Heute noch ist es üblich, dass die Kölner Oberhirten das Kölner Dreigestirn empfangen und sich dafür auch eine Narrenkappe aufsetzen. In vielen Kirchen finden in der

Fastnachtszeit „kölsche Messe“ – kölsche Messen – statt, zu denen die Gläubigen maskiert erscheinen und in denen die Gebete auf Kölsch gesprochen werden.

Solche Messfeiern haben starken Zulauf aus allen Bevölkerungsschichten. In diesen Messen wird auch darum gebetet, dass Petrus an den tollen für strahlendes Wetter sorgen möge, damit der Rosenmontagszug und die Veedelszöch (Viertelszüge) unter optimalen Wetterbedingungen an den Jecken vorbeiziehen können.

Heutzutage steigen auch geistliche Herrn in die Karnevalsbütt. Einer der z.Zt. bekanntesten Büttenredner ist katholischer Diakon und tritt als Bergischer Jung auf allen großen Karnevalssitzungen auf. Lachsalven sind bei seinen Vorträgen gewiss. In seinen Witzen verschont er auch den Kölner Kardinal nicht, den er liebevoll Herr Kanalmeister nennt. Und der – ganz kölsche Tradition – der Herr Kardinal nimmt ihm das nicht krumm.
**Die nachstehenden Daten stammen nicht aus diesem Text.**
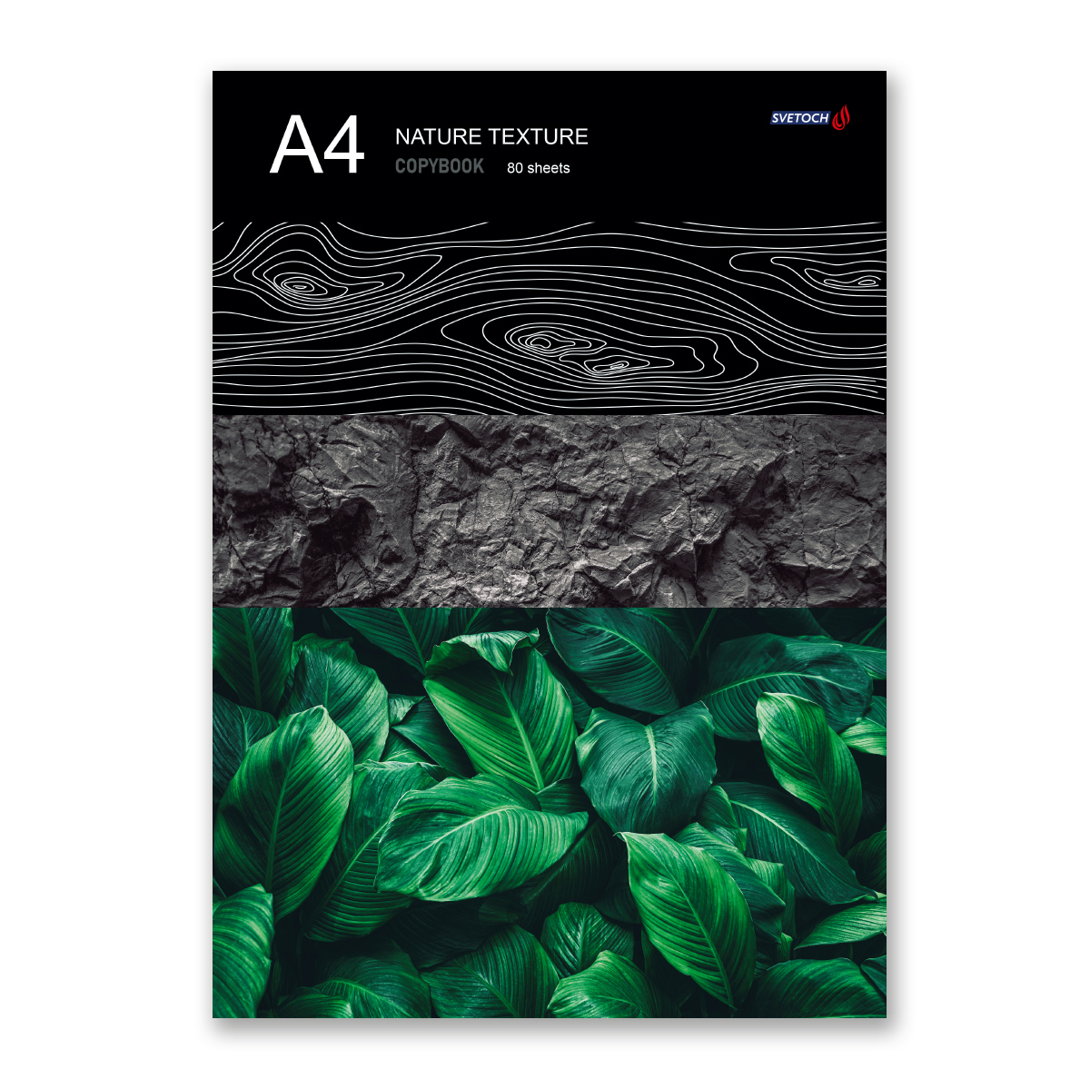 Тетрадь общая А4 формата, 80 листов можно использовать для скетчинга, для записей задач, желаний и рецептов, на работе и в школе. Внутренний блок изготовлен из качественной писчей бумаги плотностью 65 г/кв. м, 100% белизны, обложка из мелованного картона плотностью 190 г/кв. м. Линовка - клетка. Вид скрепления - скоба. Дизайн изделия дополнен спецэффектом в виде твин лака.

Die Kölner haben sogar ihren eigenen Vatikan. Es ist der Gürzenich. Der Gürzenich ist das mittelalterliche Ballhaus der Stadt Köln, das im 2. Weltkrieg sehr stark beschädigt und durch Bürgerfleiß nach dem Krieg wieder aufgebaut wurde. Er ist das Zentrum des Kölner gesellschaftlichen Lebens und insbesondere das Zentrum des närrischen Treibens. Traditionell wird hier das Kölner Dreigestirn proklamiert; die Ähnlichkeit mit dem Vatikan ist daher unverkennbar.